Christchurch mayor wants city at the centre of possible Commonwealth Games bid

Author
Nathan Morton,
Publish Date
Thu, 20 Apr 2023, 1:49pm

The mayor of the country’s second-largest city believes his municipality has what it takes to be at the centre of the Commonwealth Games once again if a successful hosting bid is made.

The New Zealand Olympic Committee announced on Wednesday it had signalled early interest in hosting the 2034 tournament.

New Zealand last hosted the games in 1990, with previous stints of hosting in 1950 and 1974.

Christchurch Mayor Phil Mauger was elected to office in October last year. He’s long held the dream to see the games return to New Zealand.

 “I think it’s absolutely fantastic,” Mauger said on the news that the country was contemplating a hosting bid.

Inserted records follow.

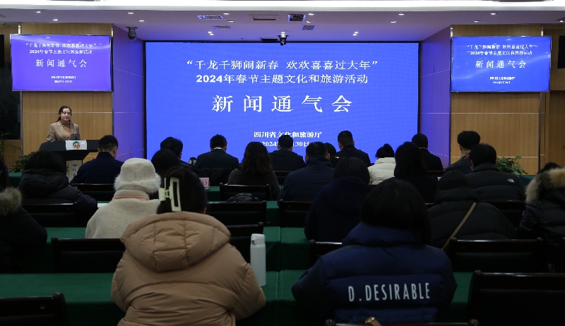 千龙千狮闹新春,欢欢喜喜过大年。1月30日,四川省文化和旅游厅在成都举行2024年春节主题文化和旅游活动新闻通气会。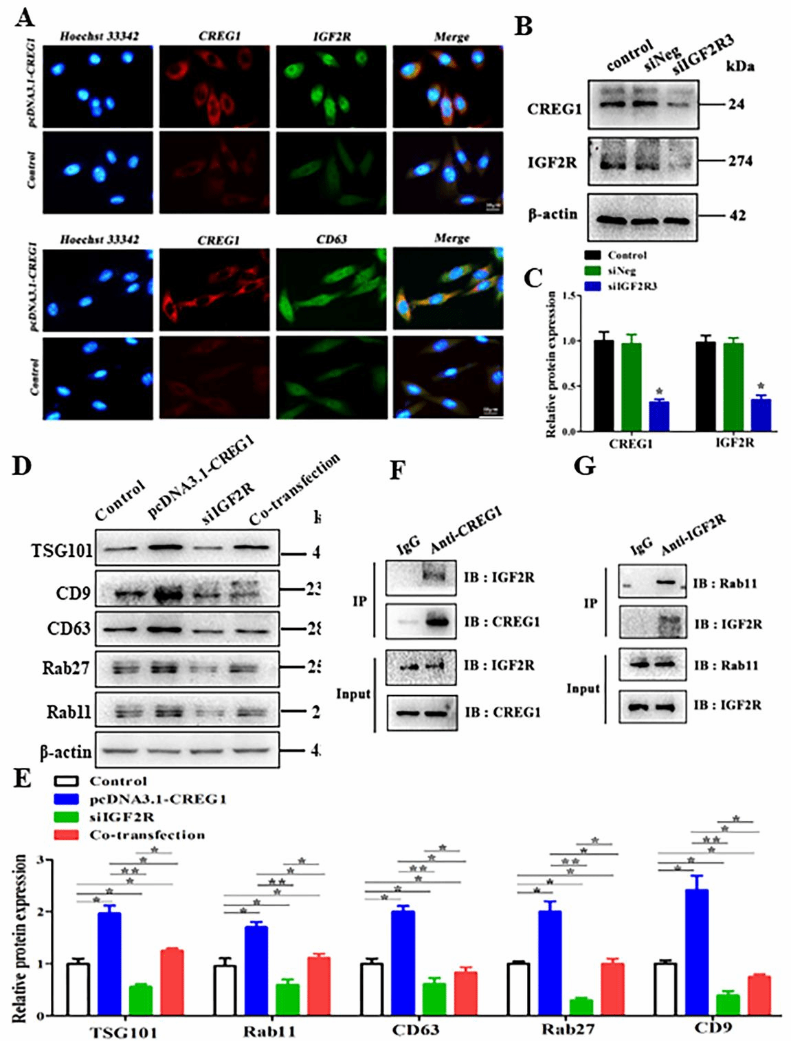 图1 CREG1靶向结合IGF2R调控外泌体的发生和释放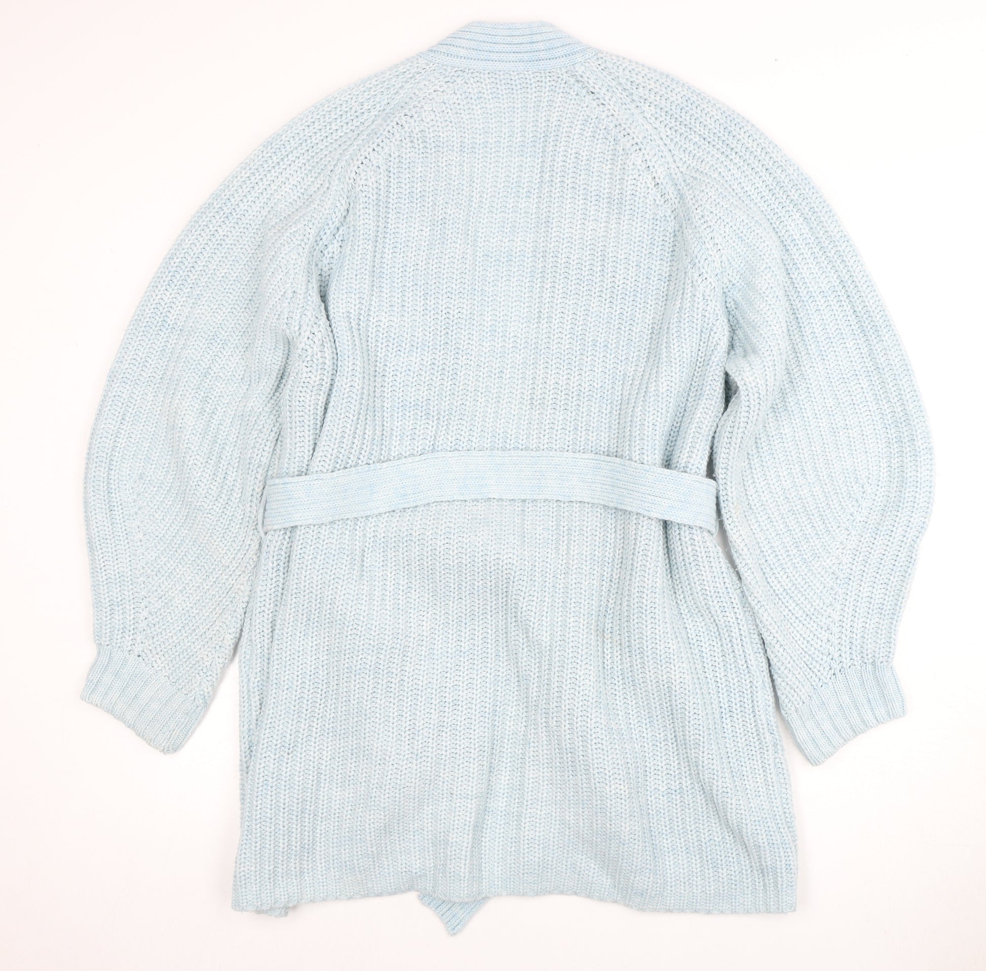 Wrap yourself in warmth and style with this exquisite Weekday Women's Blue Cardigan. Crafted with attention to detail, it features a luxurious chunky-knit design, ensuring both comfort and a chic appearance. This cardigan, perfect for the autumn and winter seasons, offers a relaxed fit that is ideal for casual occasions. Made from a blend of 85% acrylic and 15% wool, it promises durability and a comforting feel against the skin. The soothing blue colour complements a range of outfits, making it a versatile addition to your wardrobe. Designed with long raglan sleeves for a comfortable drape, this jumper also boasts convenient pockets and a belted waist, adding a touch of elegance and functionality. Though in excellent condition, it shows minor wear, but with no tags, which amplifies its charm and wearability. Whether you're heading to a casual outing or layering up for a cozy day indoors, this cardigan is sure to become a staple piece in your collection. Embrace the understated elegance of Weekday, and make this cardigan yours today!

Mayor of Christchurch, Phil Mauger has long held the dream to see the games return to New Zealand. Photo / George Heard

Mayor of Christchurch, Phil Mauger has long held the dream to see the games return to New Zealand. Photo / George Heard

“I’m pleased to see the Olympic Committee has embraced my dream - being the leader that I am.”

Though Mauger didn’t know a bid was being proposed, he’s been in conversation with the CEO of Christchurch NZ about what role the city would play in hosting a tournament.

He believes Christchurch would be the ideal location for “the hub” of the games, where the administration of the tournament would be based.

This would suggest to the mayor that opening and closing ceremonies would be hosted in Christchurch.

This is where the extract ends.